Silver Screen: The Witch ****1/2
The first great movie of 2016 is here.
Okay, technically The Witch is a 2015 release that only recently crept into theaters nationwide. That won’t be a concern when you’re sitting, stunned, through slow-burning tension that erupts in an audacious climax— without breaking the foreboding, hushed tone established during the opening frames.
First-time writer/director Robert Eggers asserts tremendous confidence with an abrupt prologue that spares the exposition but tells you all you need to know. In early seventeenth century New England, puritanical settler William (Ralph Ineson) stands unrepentant before a jury of his peers and the watchful eyes of his frightened family. He refuses to make an apology and agrees to banishment from the plantation. His presumed crime: Being somehow too pious for his exasperated, stone-faced Christian brethren, who appear relieved to be rid of him.
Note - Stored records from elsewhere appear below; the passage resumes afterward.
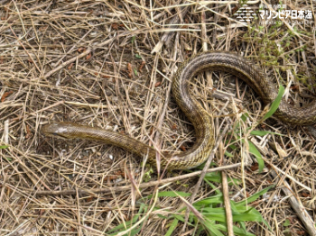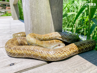 脊索動物門 爬虫綱 有鱗目 ナミヘビ科 英名:Japanese Rat Snake 全長100cmを超す日本本土では最大のヘビで、日本の固有種です。日本全国の平地から山地にかけて幅広く生息しています。体色は緑褐色です。 |
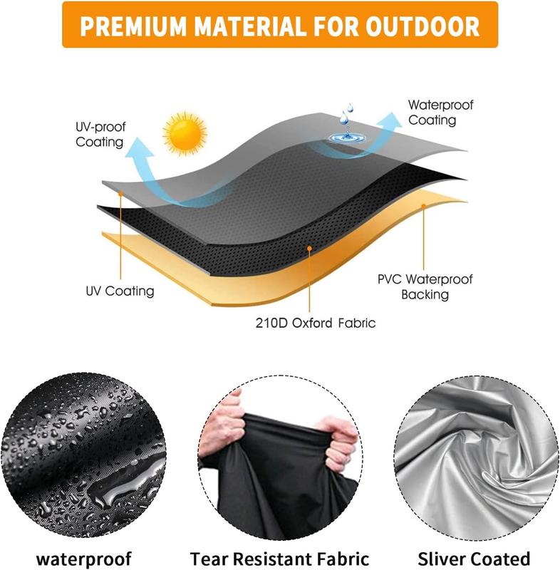 1. Adopts the advanced coating silver 210D Oxford material, This material?s feature is durable, light weight, strong toughness, UV-Resistant, sunshine block, dustproof and it has a long service life.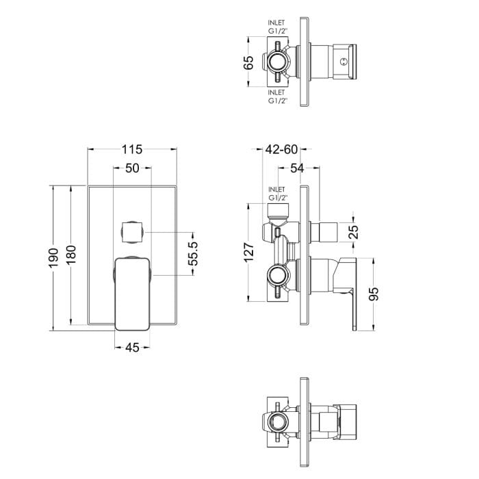 Cascade Una Pure Concealed Manual Shower Valve with Diverter
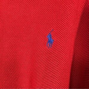 Features: 100% pima cotton - knit - pullover - polo pony on chest - classic red and navy colors - textured stitch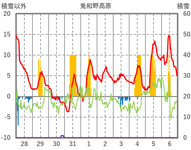 | 日 | 時 | 気温 | 降水 | 風向/風速 | 日照 | 積雪 | 降雪 |

The family’s banishment to a solitary existence in the untamed American woods works as both microcosm and hyperbole. Their little sect is a representation in miniature of the pilgrims who set out across the sea for a risky, uncertain life, yet it’s also an extreme iteration of the journey— at least the folks back at the plantation have somebody to help them survive.
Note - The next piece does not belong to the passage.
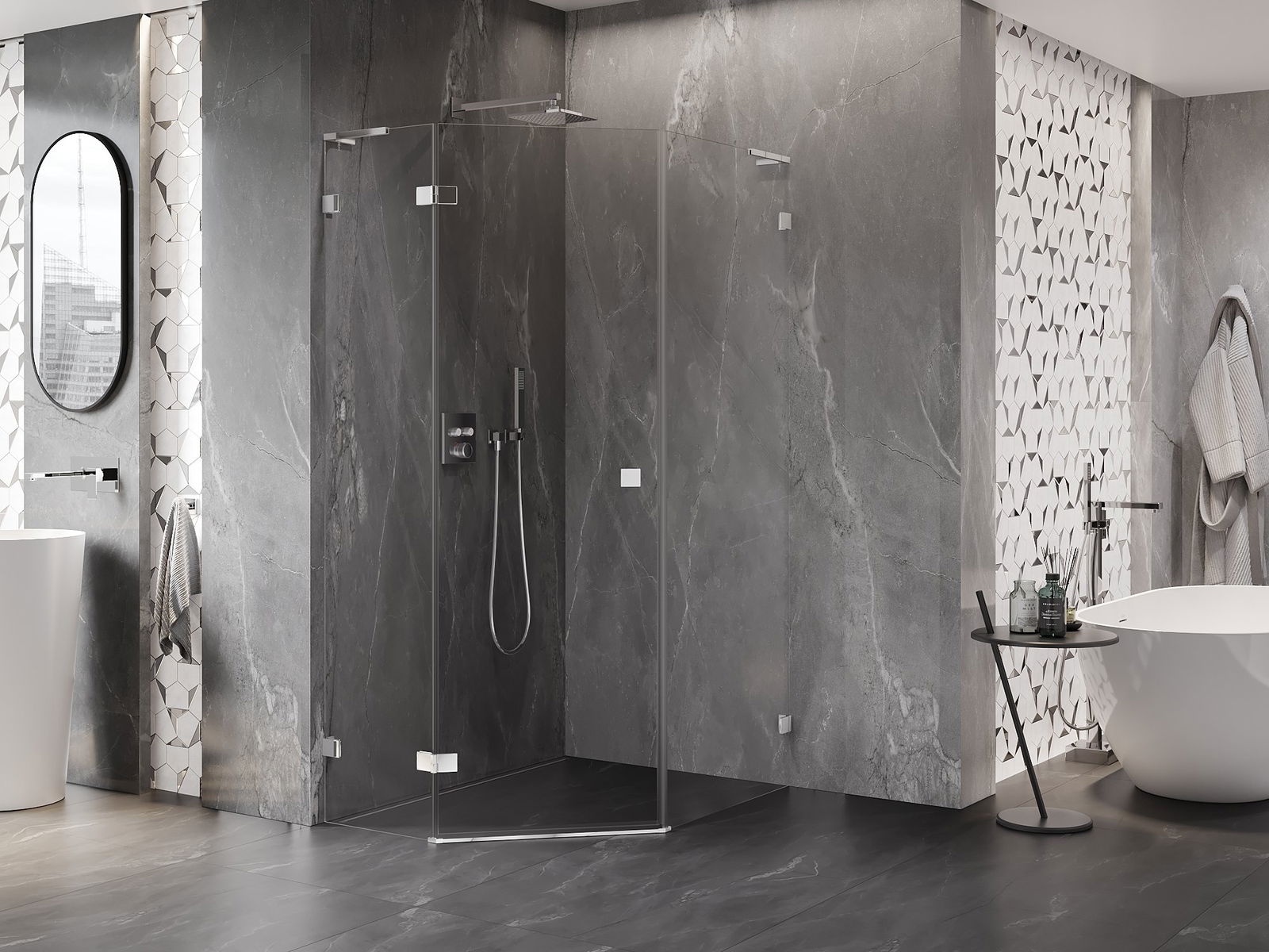 Mexen Lunar L cabine de douche pentagonale pivotante gauche 80 x 100 cm, transparent, chrome - 831L-080L-100P-01-00-L

Eggers’s sparsely scored, long, mostly static shots establish an atmosphere of ominous isolation. He eschews jump scares in favor of a slow, deliberate knotting of your gut as the family’s fortunes tumble.
The most striking example is the rendering of the first calamity that befalls them. Budding young adult daughter Thomasin (Anya Taylor-Joy), the closest thing to the movie’s protagonist, plays peekaboo with her infant brother. The baby’s glittering eyes and adorable smile every time he’s startled by his sister’s “Boo!” plays like a gentle commentary on the audience’s love of being scared. Then, with nary a sound, it turns frightening. Thomasin opens her eyes and the baby is gone.
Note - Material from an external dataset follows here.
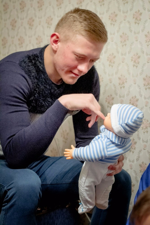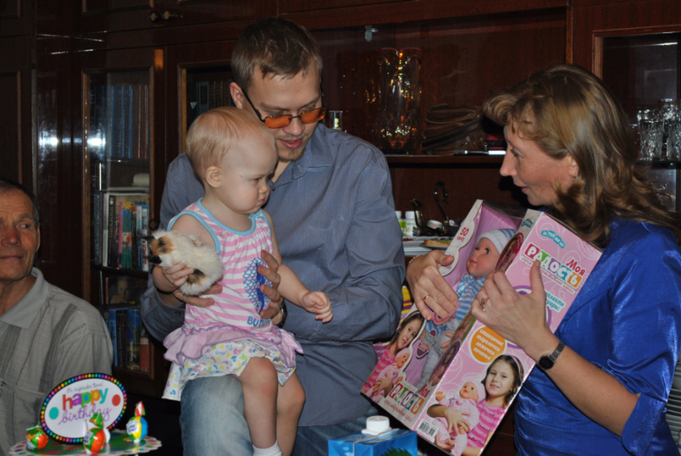 Бабушка дарит интерактивную куклу, Машуля все так же недоверчиво смотрит))

The disappearance of its youngest member is the first step toward the family’s ruin. Mother Katherine (Kate Dickie, Game of Thrones’ loony helicopter mom in the high castle) is despondent. Eldest son Caleb (Harvey Scrimshaw) struggles to reconcile his father’s intense feelings of religious guilt with the presumption that the baby was taken because the family sinned.
Another suggestion dangles like rotted fruit: Perhaps the family is cursed by a witch who stole the baby.
Then there’s the matter of Black Phillip, a rowdy, pitch-colored horned goat who looks every bit the hooved emissary of Satan. The family’s wicked little toddler twins Mercy and Jonas (Ellie Grainger and Lucas Dawson) insist he speaks to them and urges them to do evil.
Ultimately the question of The Witch is the same one that bedevils the tortured William and his spiritually confused children: Does evil come from within or without?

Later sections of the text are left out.